(Beginning of Available records)

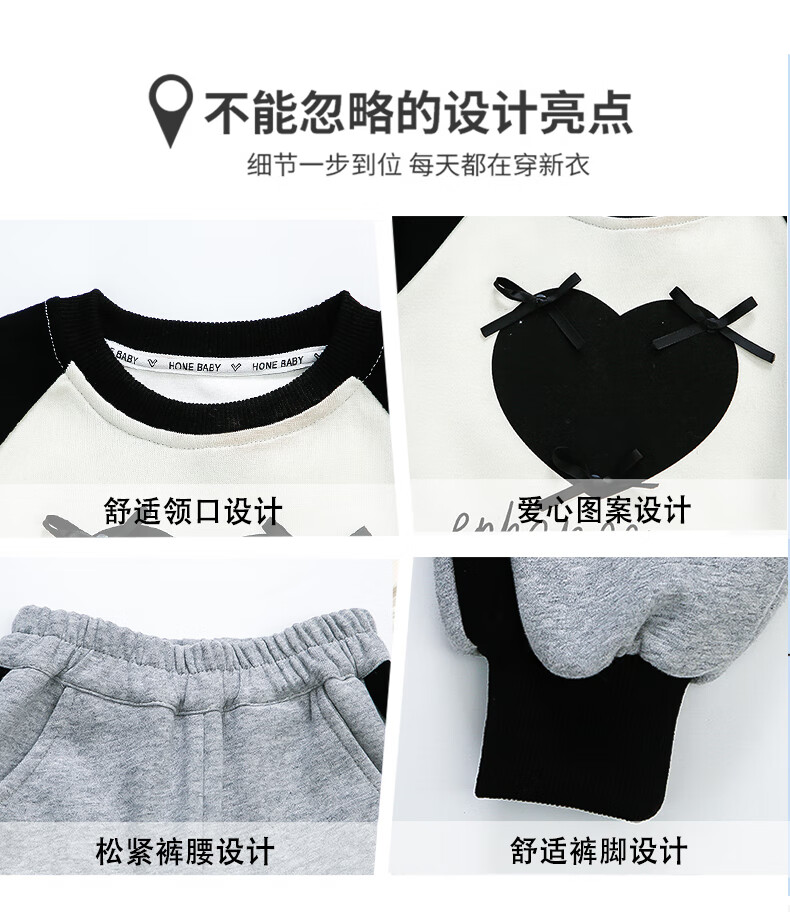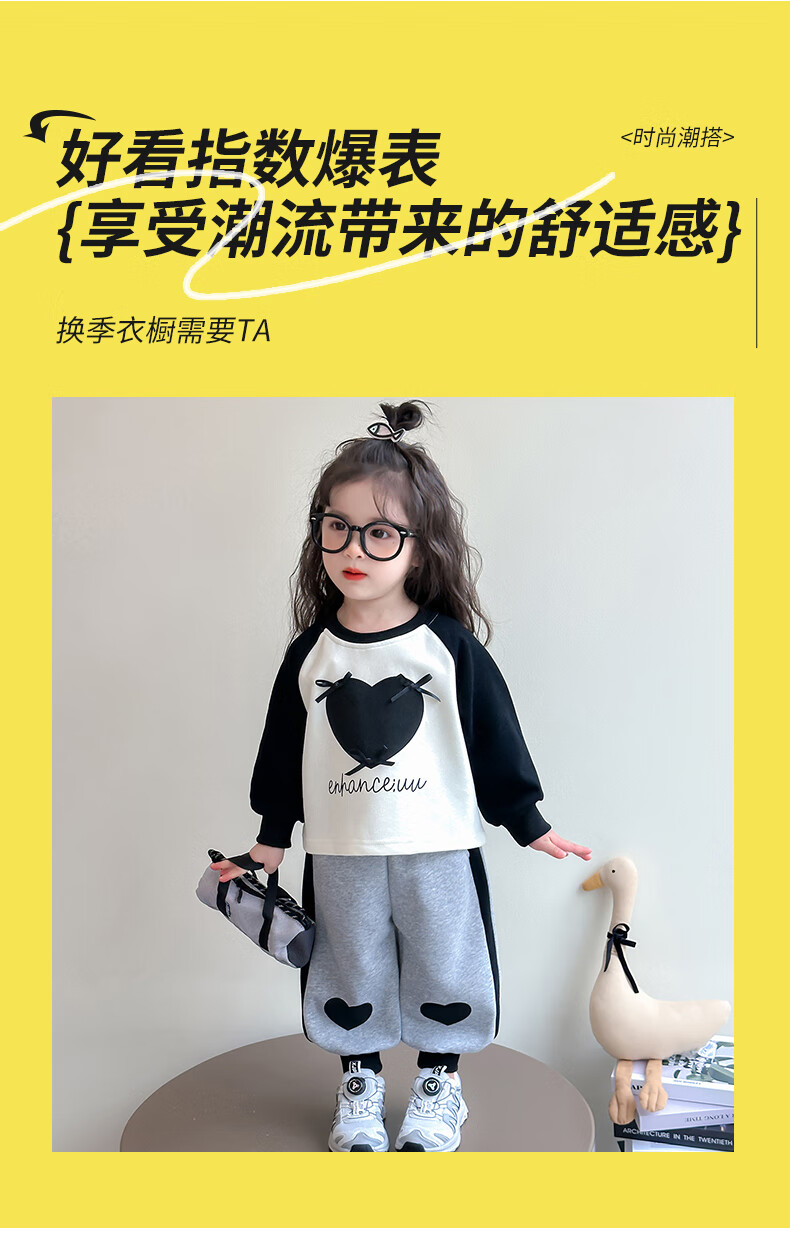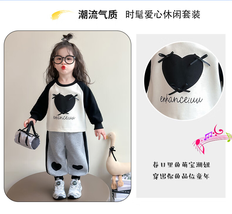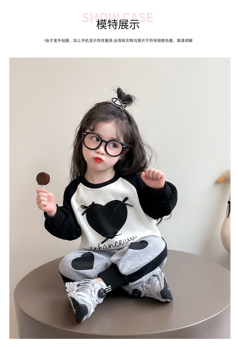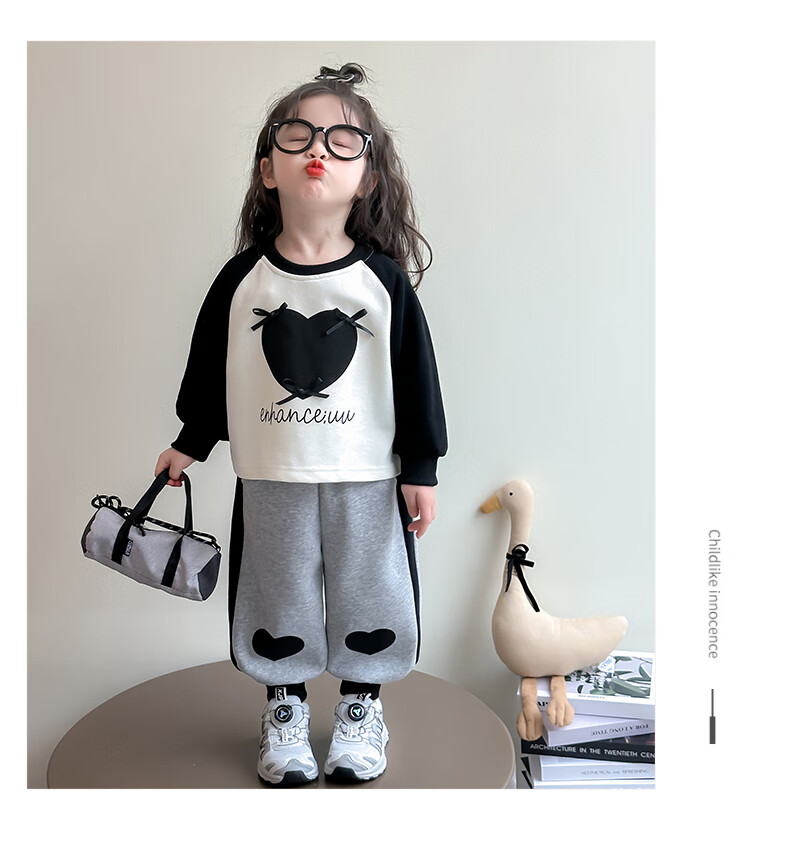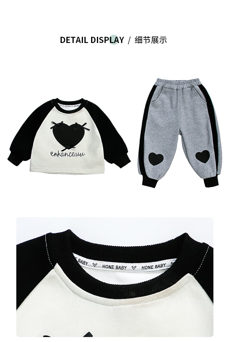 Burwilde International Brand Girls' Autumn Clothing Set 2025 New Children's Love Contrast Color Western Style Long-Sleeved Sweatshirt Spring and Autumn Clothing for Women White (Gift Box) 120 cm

(End of Available records)
(Beginning of Available records)

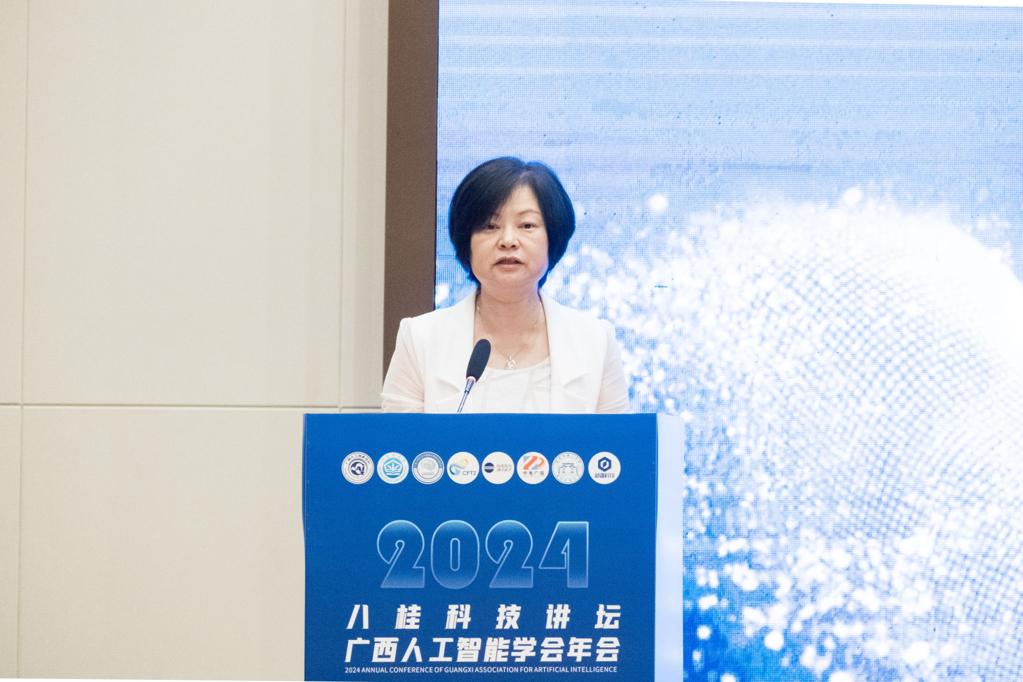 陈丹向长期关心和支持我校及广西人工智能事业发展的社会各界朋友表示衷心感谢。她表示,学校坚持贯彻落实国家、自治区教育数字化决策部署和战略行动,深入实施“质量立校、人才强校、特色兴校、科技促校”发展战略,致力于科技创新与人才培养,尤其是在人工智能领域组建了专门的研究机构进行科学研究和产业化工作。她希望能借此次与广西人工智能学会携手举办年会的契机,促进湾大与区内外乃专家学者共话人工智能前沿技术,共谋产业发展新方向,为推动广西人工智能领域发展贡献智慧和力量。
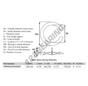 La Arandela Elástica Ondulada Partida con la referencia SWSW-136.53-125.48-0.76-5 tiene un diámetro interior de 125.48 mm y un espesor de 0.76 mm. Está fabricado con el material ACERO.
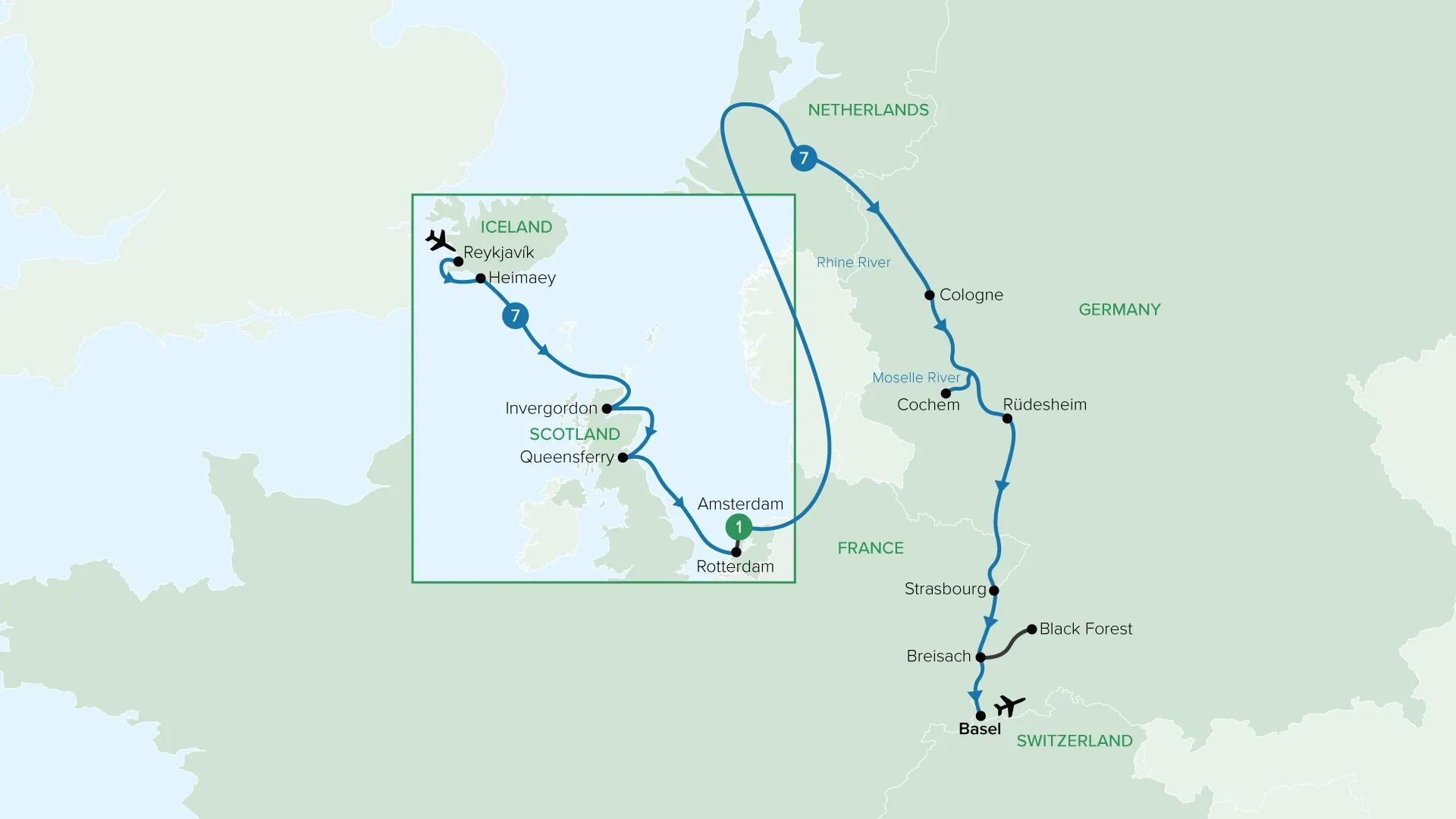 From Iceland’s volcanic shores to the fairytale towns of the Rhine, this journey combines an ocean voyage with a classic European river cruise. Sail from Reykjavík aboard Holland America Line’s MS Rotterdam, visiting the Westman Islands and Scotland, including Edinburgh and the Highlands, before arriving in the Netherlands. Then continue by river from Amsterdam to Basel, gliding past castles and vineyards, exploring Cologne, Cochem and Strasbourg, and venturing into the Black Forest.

(End of Available records)
(Beginning of Available records)

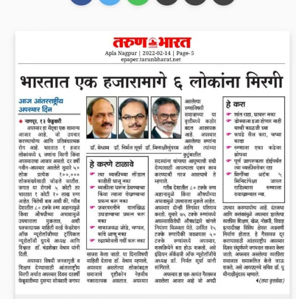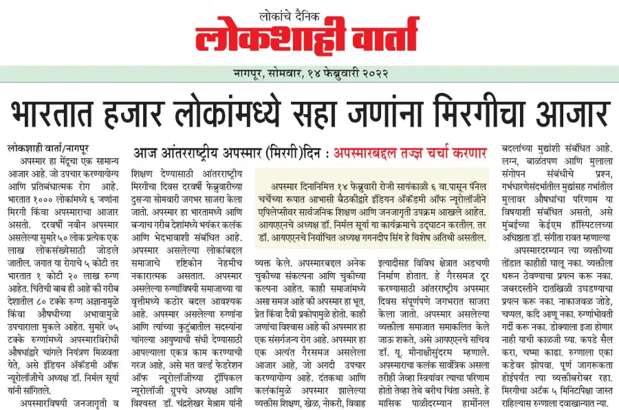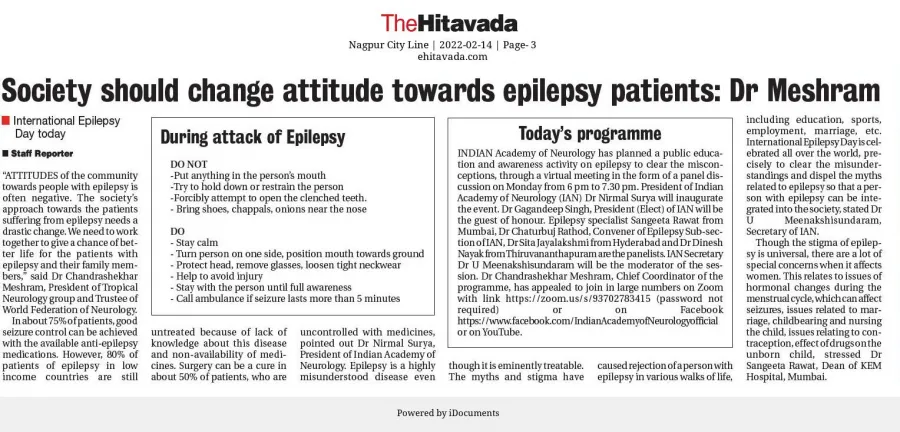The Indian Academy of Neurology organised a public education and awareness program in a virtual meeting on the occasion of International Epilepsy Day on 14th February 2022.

(End of Available records)

For this task, return exactly the stretch of the listing above from the line with "La Arandela Elástica" through the line with "From Iceland’s volcanic", inclusive and without pictures.

#### [Solution]
 La Arandela Elástica Ondulada Partida con la referencia SWSW-136.53-125.48-0.76-5 tiene un diámetro interior de 125.48 mm y un espesor de 0.76 mm. Está fabricado con el material ACERO.
 From Iceland’s volcanic shores to the fairytale towns of the Rhine, this journey combines an ocean voyage with a classic European river cruise. Sail from Reykjavík aboard Holland America Line’s MS Rotterdam, visiting the Westman Islands and Scotland, including Edinburgh and the Highlands, before arriving in the Netherlands. Then continue by river from Amsterdam to Basel, gliding past castles and vineyards, exploring Cologne, Cochem and Strasbourg, and venturing into the Black Forest.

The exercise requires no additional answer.